NECは米国のMITRE社と提携し、敵対者への能動的な関与を体系的に学ぶトレーニング「MITRE Engage in a Box」を日本で提供開始しました。開始日は2026年7月30日で、民間企業として世界で初の提供となります。NECはサイバーディフェンス研究所と連携し、日本向けに最適化した内容で展開します。主な対象は国家サイバー統括室、防衛省、警察庁などの政府機関や重要インフラ事業者です。今後3年間で200名への提供を目標に掲げ、120万円/人の価格で提供されます。高度化する脅威に対し、能動的サイバー防御の実装に資する人材育成を後押しします。

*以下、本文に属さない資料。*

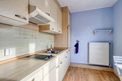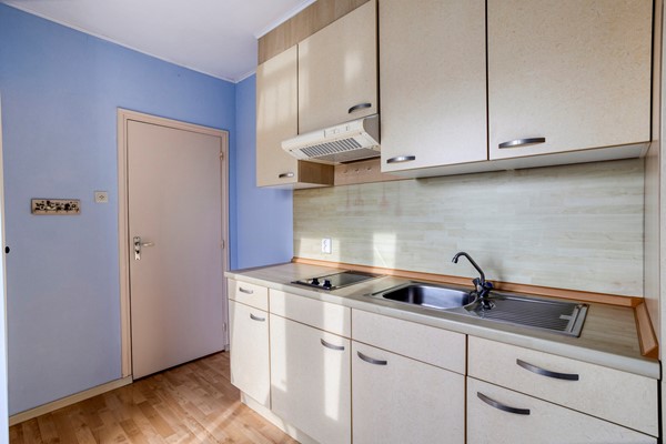 Op de eerste verdieping bevinden zich 2 slaapkamers, een badkamer en een keuken. De slaapkamers zijn afgewerkt met een laminaatvloer zijn respectievelijk circa 17 en 14 m² groot. De voormalige derde slaapkamer is voorzien van een keukenopstelling, een muurkast en heeft toegang tot het balkon. De badkamer is voorzien van een ligbad-/douchecombinatie, badkamermeubel met wastafel en een toilet.

MITRE Engageの理論に基づくトレーニングの中核と学習範囲
本プログラムはMITRE社が提唱する「MITRE Engage」を基盤とし、欺瞞技術を活用して敵対者の行動を誘導し観察する考え方を学びます。受動的に排除するのではなく、おとりや偽情報で敵対者を意図的に導き、防御側が優位に立つ戦略を重視します。フレームワークは自組織が管理する環境での能動的関与を計画するもので、組織の境界を越える活動は含みません。カリキュラムはMITRE Engage Matrixの三つの戦略目標であるExpose、Affect、Elicitを網羅します。独自開発の内容により、敵対者の心理理解と意図把握に直結する実用的な戦略立案を身につけます。参加型の机上演習と安全な仮想環境での実践演習を通じて、脅威インテリジェンスの獲得手法を体験的に学べます。
三つの視点による体験設計と国内最適化された演習環境
トレーニングでは敵対者、システム管理者、一般ユーザーの三つの視点を同時に検証します。敵対者視点では何に惹かれどこで不自然さを感じるかを体感し、意図の暴き方を理解します。システム管理者視点では業務影響を抑えつつ適切なタイミングで欺瞞情報を提示する判断力を養います。一般ユーザー視点では能動的関与が業務フローや利便性に与える影響を確認し、現実的な運用バランスを学びます。演習環境はNECとサイバーディフェンス研究所が独自に開発し、ディセプションシナリオを国内の業務実態に合わせて監修しています。NECは官公庁の業務やシステム仕様への知見を反映し、目的に応じた最適化を実施しています。サイバーディフェンス研究所は実戦的な攻撃手法と戦術を取り込み、欺瞞環境への誘導に関する知見を提供しています。
価格、目標、今後の取り組みとMITREのコメント
提供価格は税抜で120万円/人で、今後3年間で200名の育成を目標としています。NECは演習や研修の提供、国際サイバー防衛演習への参加を通じて、経済安全保障と重要インフラ防衛力の強化に取り組んでいます。スローガンは.JPを守るであり、高度なセキュリティサービスの提供で安全安心な社会の実現に寄与するとしています。サイバーディフェンス研究所は人間がもたらす脅威には人間しか対処できないという信念のもと、最先端技術の実用化で国家安全保障に貢献します。MITREのチャールズ クランシー氏は、MITRE Engageは長年の研究成果に基づき、防御側の理解と予測、確信を支えると述べています。知見の共有は強固で備えの整ったコミュニティ形成への重要な一歩としています。